Проведя это расследование, я уже не испытывала затруднений в поиске ответов на свои собственные вопросы: почему критики и книжные обозреватели такие ограниченные, такие личностно ориентированные, такие недалекие? Почему они всегда все подвергают мелкому дроблению, все преуменьшают, почему их так завораживают детали и до такой степени не интересует целое? Почему сама их интерпретация слова «критика» предполагает вечное выискивание промахов и недостатков? Почему они всегда считают, что произведения разных писателей вступают друг с другом в конфликт, а не дополняют друг друга?.. Все очень просто: так их обучили думать. А тот драгоценный человек, который понимает, что вы делаете, каковы ваши цели, который может предложить вам и хороший совет, и подлинную критику, почти всегда является кем-то как раз находящимся вне литературных механизмов, даже вне университетской системы; это может быть студент, который только начинает учиться и который все еще влюблен в литературу, или, возможно, просто вдумчивый человек, который много читает, и делает это, повинуясь одному лишь своему природному чутью.

Тем студентам, которым предстоит год или два писать исследование об одной книге, я говорю: «Есть только один способ читать книги, а именно — надо ходить по библиотекам и книжным лавкам и пролистывать множество книг, выбирая из них те, которые вас привлекают, и читать надо только их, бросая их, когда вы почувствуете скуку, перескакивая через те части, которые покажутся вам затянутыми, — и никогда, никогда не читайте книг из ложного чувства долга, или из-за того, что они принадлежат какому-то течению или направлению. Помните о том, что книга, которая кажется вам скучной в двадцать или тридцать лет, откроет для вас свои двери, когда вам будет сорок или пятьдесят, — и наоборот. Не читайте книгу, если ее время для вас еще не настало. Помните о том, что на все то количество книг, которые были напечатаны, приходится столько же книг, которые так и не дошли до печати, которые никогда не были написаны, — даже сейчас, в эпоху принудительного почитания печатного слова, история и даже социальная этика преподаются при помощи устных рассказов, а люди, которых выдрессировали для мышления только с учетом того, что было написано (а, к сожалению, почти вся продукция нашей образовательной системы ни на что большее и не способна), не видят того, что находится прямо у них перед глазами. Например, настоящая история Африки все еще находится в ведении чернокожих сказителей и мудрецов, чернокожих историков, знахарей: это устная история, до сих пор тщательно уберегаемая от белого человека с его хищническими замашками. Повсюду, если вы сохраните открытость своего разума, вы обнаружите правду в тех словах, которые никогда не были записаны. Поэтому никогда не позволяйте печатному листу повелевать вами.
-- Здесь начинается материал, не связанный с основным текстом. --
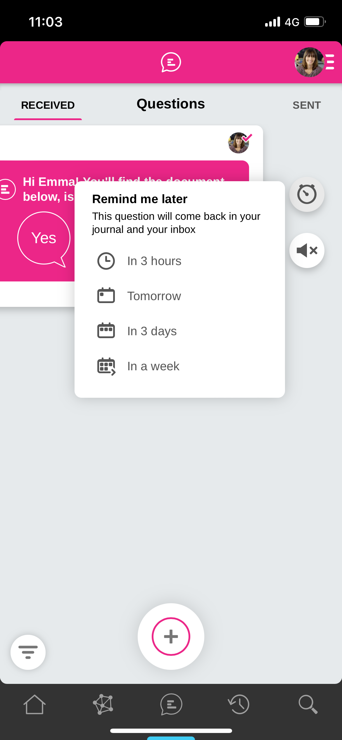 Now it's easier than ever to use Questions! When you receive a Question, you can schedule a reminder to answer it later.

А прежде всего, вы должны понять, что тот факт, что вам нужно провести год или два, занимаясь одной книгой, или одним автором, означает, что вас плохо учат: вас должны были научить идти в процессе чтения книг своим собственным путем, от одной вызывающей вашу симпатию книги к другой, вы должны были научиться следовать велениям собственной интуиции, подсказывающей вам, в чем вы нуждаетесь, — вот что вам следовало развивать в себе, а вовсе не навык цитировать других людей».

Но, к сожалению, почти всегда уже слишком поздно.

Правда, недавно на какое-то время мне показалось, что студенческие мятежи смогут все изменить, что нетерпимость студентов по отношению к той мертвечине, которой их обучают, способна оказаться настолько сильной, что сумеет заменить ее на что-то более свежее и полезное. Но, похоже, восстание закончилось. Печально. В этот оживленный период американской жизни я получала письма с отчетами о том, как целые группы студентов отказывались учиться по программе и приносили на занятия книги по своему собственному выбору, те книги, которые они считали значимыми, важными для себя. Занятия проходили эмоционально, иногда яростно и гневно, захватывающе, они кипели жизнью. Конечно, это было возможно только с теми из преподавателей, кто относился к этому сочувственно, кто был готов примкнуть к студентам в противостоянии властям — кто был готов к последствиям. Есть преподаватели, которые понимают, что вынужденно воспринятые ими способы преподавания плохи и скучны, — к счастью, их еще достаточно для того, чтобы, если при этом еще и повезет немножко, ниспровергнуть все неправильное, даже если у самих студентов этот порыв уже и угас.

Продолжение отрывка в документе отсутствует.